(Exercise directions) Below are the entries. Print only the lines starting at the one with "[잔수배출 SET] 슬로운 필터샤워기 + 샤워호스SALEBESTMD오늘출발" and ending at the one with "ARC, ZIP and", exactly, with no pictures.
════════
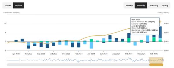 ▲ XM ClaraGli afflussi di oro netti sono stati di 8,6 miliardi di dollari, con un afflusso netto totale di 21 miliardi di dollari nel primo trimestre, raggiungendo il secondo livello più alto della storia, secondo solo a $ 24 miliardi nel periodo speciale nel 2020. Di tutti gli afflussi di capitali, il Nord America ha rappresentato il 61%, seguito dal 22% in Europa e nel 16% in Asia. Si può vedere che la principale forza trainante per questo giro d'oro proviene ancora dai mercati europei e americani. A giudicare dall'attuale aumento dell'oro, gli afflussi di capitali ETF ad aprile possono raggiungere il massimo storico.
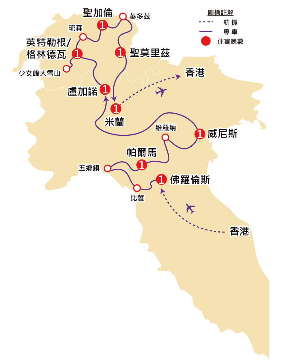 注意:如乘坐阿聯酋航空公司,將於出發日期第一天晚上集合,並於第二天凌晨航班起飛,經杜拜轉機後飛往意大利城市佛羅倫斯/波隆那。敬請留意。
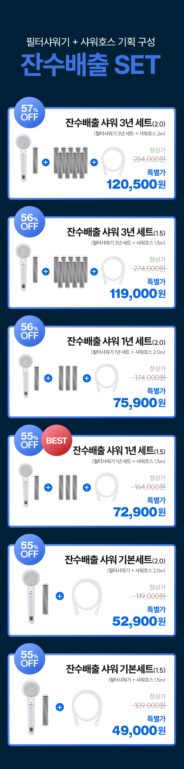 [잔수배출 SET] 슬로운 필터샤워기 + 샤워호스SALEBESTMD오늘출발
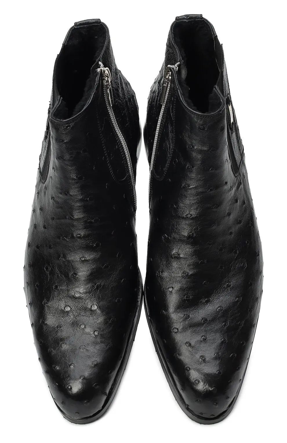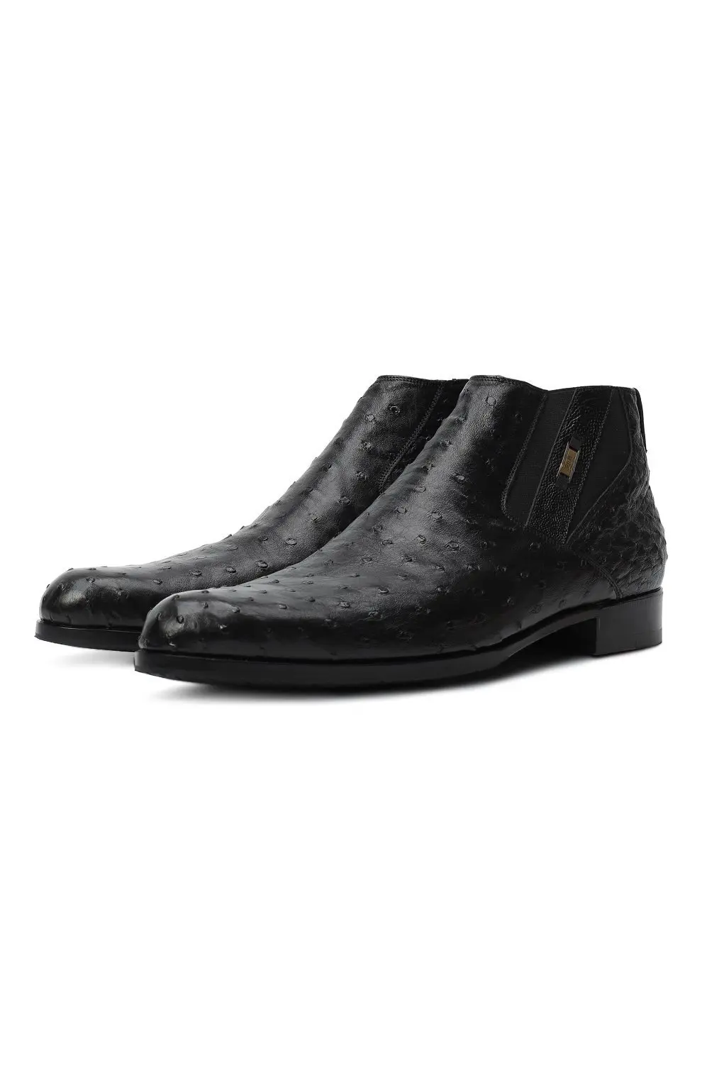 Ботинки Zilli выполнены из редкой страусиной кожи. Элегантная модель с эластичными вставками сочетает роскошь материалов и безупречное мастерство исполнения.
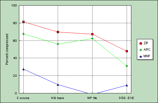 ARC, ZIP and MNP compression schemes accelerate data transmission by lowering the actual amount of data sent. Testing clearly shows that ZIP is by far the most successful compression mechanism across all types of data (Figure 3) and that for all file types, using ZIP compression on data before transmission over standard modems is the fastest possible transfer method.
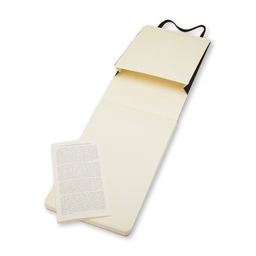 Zápisník s měkkou, v horním hřbetu šitou vazbou v kartonových deskách, obepnutý pružnou páskou proti samovolnému otevírání. Zápisník je vybaven pořadačem poznámek, který je vyroben z tkaniny a kartonu, a letákem s historií MOLESKINE. Gramáž papíru 70 g/m2, neobsahuje kyseliny. Posledních 12 listů je možno díky perforaci snadno vytrhnout. Rozměry: 9 x 14 cm, 96 listů, linkovaný.
════════
(Exercise answer)
 [잔수배출 SET] 슬로운 필터샤워기 + 샤워호스SALEBESTMD오늘출발
 Ботинки Zilli выполнены из редкой страусиной кожи. Элегантная модель с эластичными вставками сочетает роскошь материалов и безупречное мастерство исполнения.
 ARC, ZIP and MNP compression schemes accelerate data transmission by lowering the actual amount of data sent. Testing clearly shows that ZIP is by far the most successful compression mechanism across all types of data (Figure 3) and that for all file types, using ZIP compression on data before transmission over standard modems is the fastest possible transfer method.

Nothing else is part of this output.